Do all the children in the family have the same color hair? Do they
talk the same way? Do they all like macaroni and cheese?
•
After reading a book with many characters in it, ask your fourth
grader to make a table listing the similarities and differences
between the characters.
Similarities and Differences in Settings
• Read several short stories in one week with your child (or have him or
her read the stories). Then, ask your child do a comparison of two
•
settings from the stories, taking note of where the stories took place
and what kinds of details the author used to describe the story
settings.
After reading a book or seeing a movie, ask your child to compare the
story or movie's setting with your own house, neighborhood, city,
country, climate, etc. How are they alike? How are they different?
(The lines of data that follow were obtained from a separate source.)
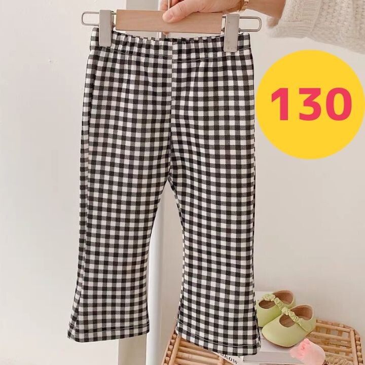 チェック柄で可愛い薄手フレアパンツ。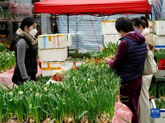 1月16日,在維多利亞公園年宵花市,顧客在選購(gòu)水仙。新華社記者 褚萌萌 攝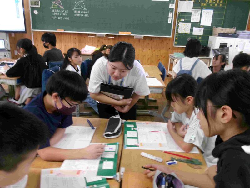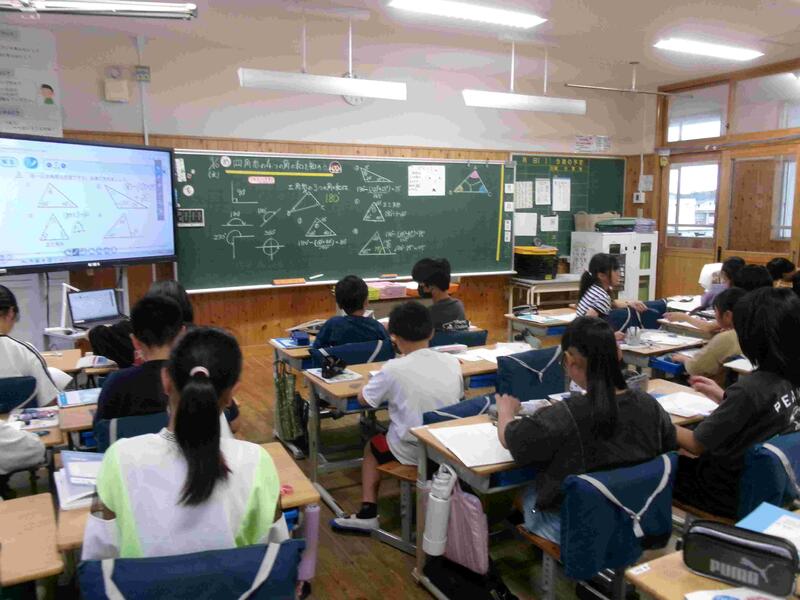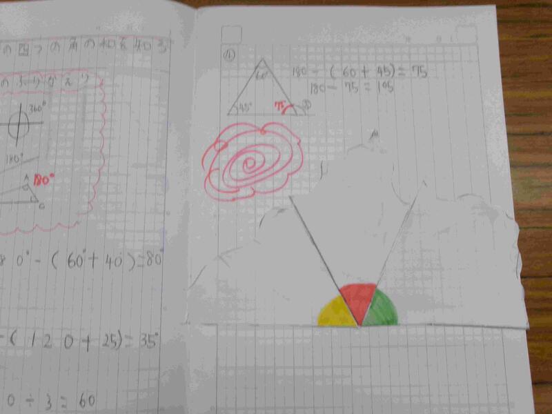 【5年生の算数です。「図形の角」を学習しています。今日は三角形の3つの内角の和はどんな三角形でも180度になることを、操作活動を通して確かめました。】

Similarities and Differences in Events
• Play a game in which the child names an event, such as a wedding, a
feast, an argument, or a swimming party, and you respond with an
event that is opposite to that event: a funeral, a famine, a hug, a
thunderstorm. Then, talk about what things are similar and different
between the events.
•
Talk with your child about how the events in a story or movie are alike
or different from the events your child experienced that day. Are
both events happy? Is one more exciting than the other? Are they
both challenging?
Cause and Effect in Literary Writing
• Talk about the relationship between cause and effect in your child's
everyday life. When your child is dealing with the consequences of his
or her actions, talk about what caused the consequences and what the
child might do differently the next time to have a different effect.
Talk about examples of cause and effect in your life.
•
While watching a TV show or movie with your child, pause and discuss
what may have caused a certain thing to happen. Why did the car go
over the cliff? Why did the ballerina win the contest?
That’s All Folks!!
Have fun working with your children!!!!